Now, the longer version.

What happened, and when?

On 2016-11-28 at approximately 10:30 UTC-0, a user reported that search results for their phone number showed their Stack Overflow Jobs public CV as the first response. Upon examination, we realized that user’s email addresses and telephone numbers were accidentally disclosed within HTML markup that renders the CV page. Neither email addresses or phone numbers were actually rendered, but the HTML code that forms the page contained this information.

The bug was introduced when the Developer Story CV view was checked into our codebase. It was there on 10/11, but also present during the private beta, however the view wasn't yet accessible to crawlers until the public beta.

How did this happen?

While porting some of our legacy Careers 2.0 code over to the new integrated Stack Overflow Jobs platform, a view that was originally programmed to render a PDF copy of a user’s CV was reused to render an HTML version of the CV. As the goal was to create a view that rendered similarly as the PDF version, this seemed to be an ideal choice.

A bug that caused the user’s phone number and email address to render in the HTML source for people that weren’t the user or an employer attempting to contact the user went unnoticed, because the information wasn’t actually rendered on the page. The information was only included as part of the source of the page.

What did we do?

Once alerted to the bug, we immediately corrected the bug.

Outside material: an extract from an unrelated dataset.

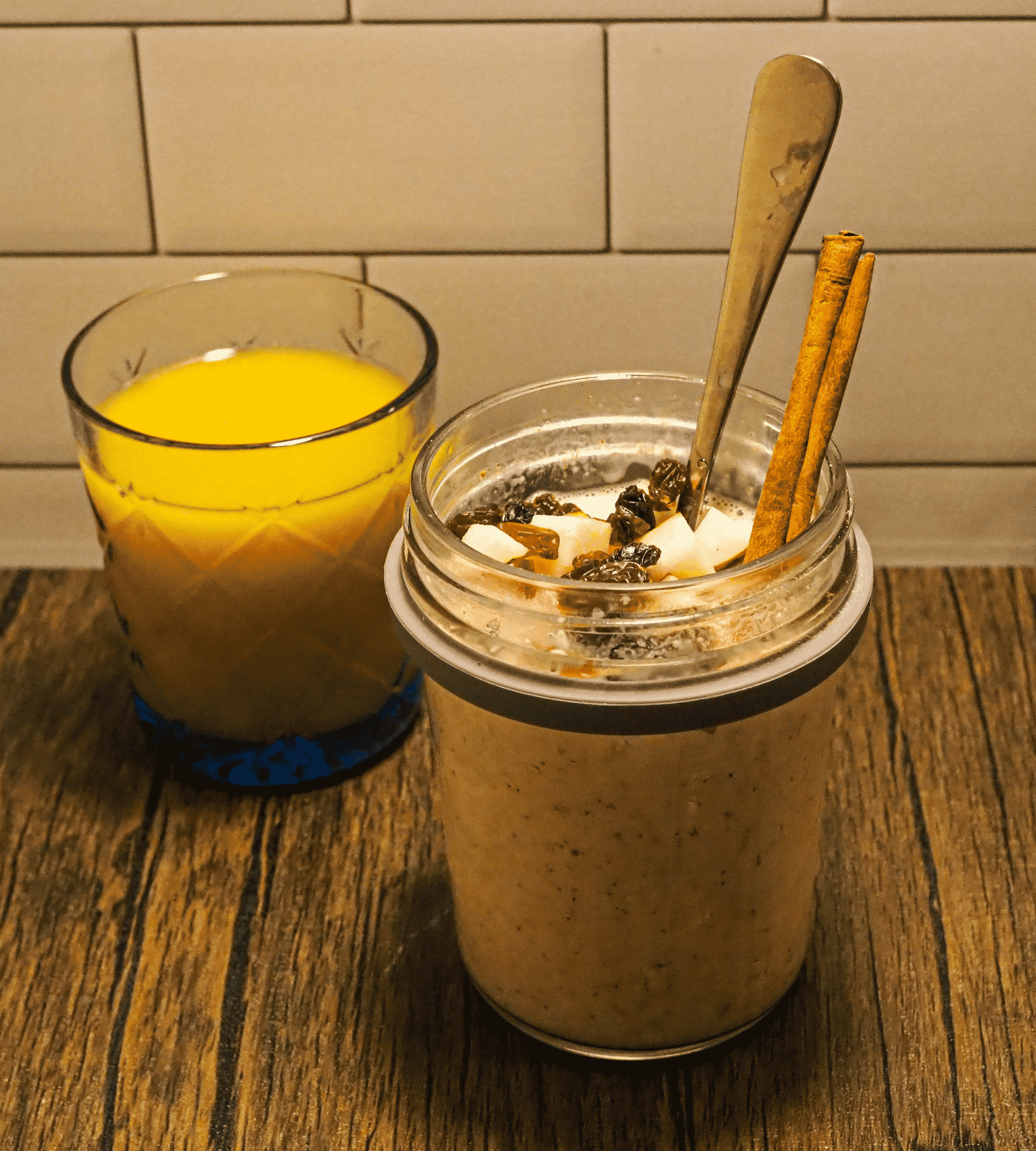 - To a mason jar or container with a tight fitting lid, add almond milk, yogurt, almond butter, honey, chia seeds, cardamom, and cloves. Stir with a spoon to combine. The almond butter doesn't need to be completely mixed with the milk. (Just ensure there's enough room at the top of your jar or bowl to allow for expansion and prevent overflow)

Our second priority was to get in touch with major search engines in order to get the accidentally disclosed information out of their indexes.

We also notified the Internet Archive of the accidental disclosure, who obliged our request to suppress any archived URLs up to the date that the bug was corrected that could contain this information in the HTML source.

What is the impact of the disclosure?

We believe that the impact of this disclosure is minimal in the context of any harm or inconvenience for users affected by the bug.

All major search engines have either suppressed this info in results, or re-crawled us at our request thus purging the information from indexes. (Many elected to simply re-index prior to the usual 120 day interval.)

Is there anything I need to do?

No. While the information disclosed is personally-identifiable, it was:

  • Not actually printed to the screen, it was only visible in the HTML source of the CV page.

  • Not easily correlatable; you need to already know a phone number or email address in order to turn it up.

We don't anticipate any lingering impact or potential inconvenience for any users that were affected. If you have additional concerns, please contact us privately and we'll be happy to discuss them.

What did we learn from this, and how are we doing things differently?

Personally-identifiable information (PII) is something that every developer needs to handle with care. Fortunately, recognizing PII when you see it isn't all that difficult; if information you're handling can be used to identify, contact, or locate a single person, or to identify an individual in context, it needs to be treated with care.

That's great when you're building new things, but extremely mature code bases have dark and dusty corners where light doesn't often shine. It's extremely important, if not critical, to know when you're working with something that in any way transmits personally-identifiable information in any way.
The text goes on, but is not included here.